Rogue Ontario Pharmacists Dealing Opioids

Posted by on Oct 15, 2018 in Blog | 0 comments

Rogue Ontario Pharmacists Dealing Opioids

pharmacistsAn investigation conducted by Global, the Toronto Star, and the Ryerson Journalism department has uncovered hundreds of Ontario pharmacists dealing opioids and other drugs from their stores. The provincial government has monitors that oversee the prescribing and dispensing of opioids but no pharmacist has been caught drug dealing as a result of these monitors in the last five years.

The investigation analyzed disciplinary records from the Ontario College of Pharmacists from 2013 to 2017. It found 241 pharmacists responsible for distributing huge and lethal amounts of opioids to the streets, defrauding provincial drug plans, sexual harassment of patients and employees, and fatal dispensing errors. During the time period in question, just 15 pharmacists were sanctioned by the College for illegal dealing of prescription medication. “Nearly 3.5 million doses of prescription drugs disappeared from Ontario pharmacies from 2013 to 2017, the data shows. And the growth is startling: from about 2, 200 reports of drug losses in 2013 to more than 30, 000 last year.” Three-quarters of the drug loss reports list the reason for the loss as “unexplained”.

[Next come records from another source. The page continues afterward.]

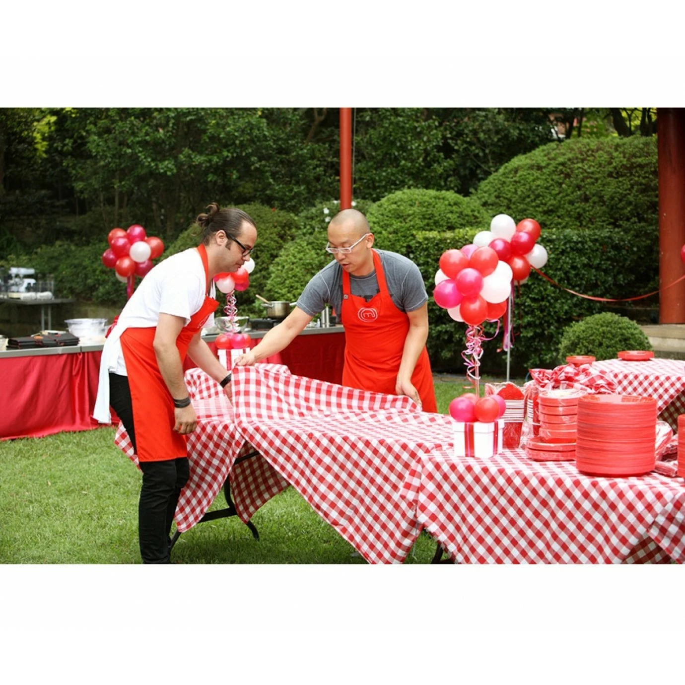 Topiaries can be created in endless colour combinations! The topiaries shown here were created for the Red Team on MasterChef. The Party People also supplied coloured tableware for this episode to co-ordinate with the red topiaries. Please call our store for pricing information. The price shown here is for a standard topiary tree.
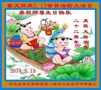 河北省保定高碑店市一老年大法弟子恭賀慈悲偉大的師尊生日快樂!普天同慶5.13世界法輪大法日!慶祝大法洪傳二十二週年!
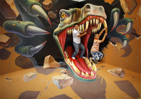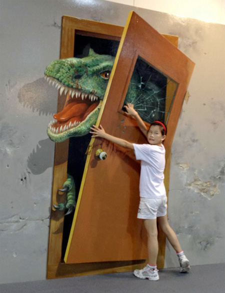 あたかも恐竜がドアを突き破ってしまったかのような描写のトリックアート。

Dr. David Juurlink, a professor of pharmacology at the University of Toronto, said that many people who have an opioid addiction began with experimenting with a pill that was prescribed to someone else. Therefore, while most opioid deaths are due to illegal fentanyl, those people often started using legal forms of opioids like prescription hydromorphone. One convicted Ontario pharmacist was found to have trafficked more than 5000 fentanyl patches worth more than $1 million dollars on the street. Another convicted Ontario pharmacist had forged prescriptions for dead people to cover his tracks.

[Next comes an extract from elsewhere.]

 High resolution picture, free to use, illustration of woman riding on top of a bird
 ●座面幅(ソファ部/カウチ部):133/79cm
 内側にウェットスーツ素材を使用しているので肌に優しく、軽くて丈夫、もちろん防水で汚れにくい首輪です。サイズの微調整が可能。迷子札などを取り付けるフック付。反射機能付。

Yet the role pharmacists have to play in alleviating the opioid crisis has not been looked at by the provincial government. Allan Malek, executive vice-president of the Ontario Pharmacists Association, sits on the Ministry of Health’s opioid emergency task force. He says there has been no concerns or discussion of pharmacists who deal and traffic drugs. Drug wholesalers are not required to report suspiciously large opioid orders. The Narcotics Monitoring System (NMS) was introduced in 2012 to identify and reduce the misuse and diversion of monitored drugs. It has not caught a single errant pharmacist. The Health Ministry spokesperson said the NMS was not established to proactively detect diversion or criminal activity. This clearly conflicts with the mission statement the NMS itself has, and shows the provincial government trying to deflect blame for not catching these problems sooner.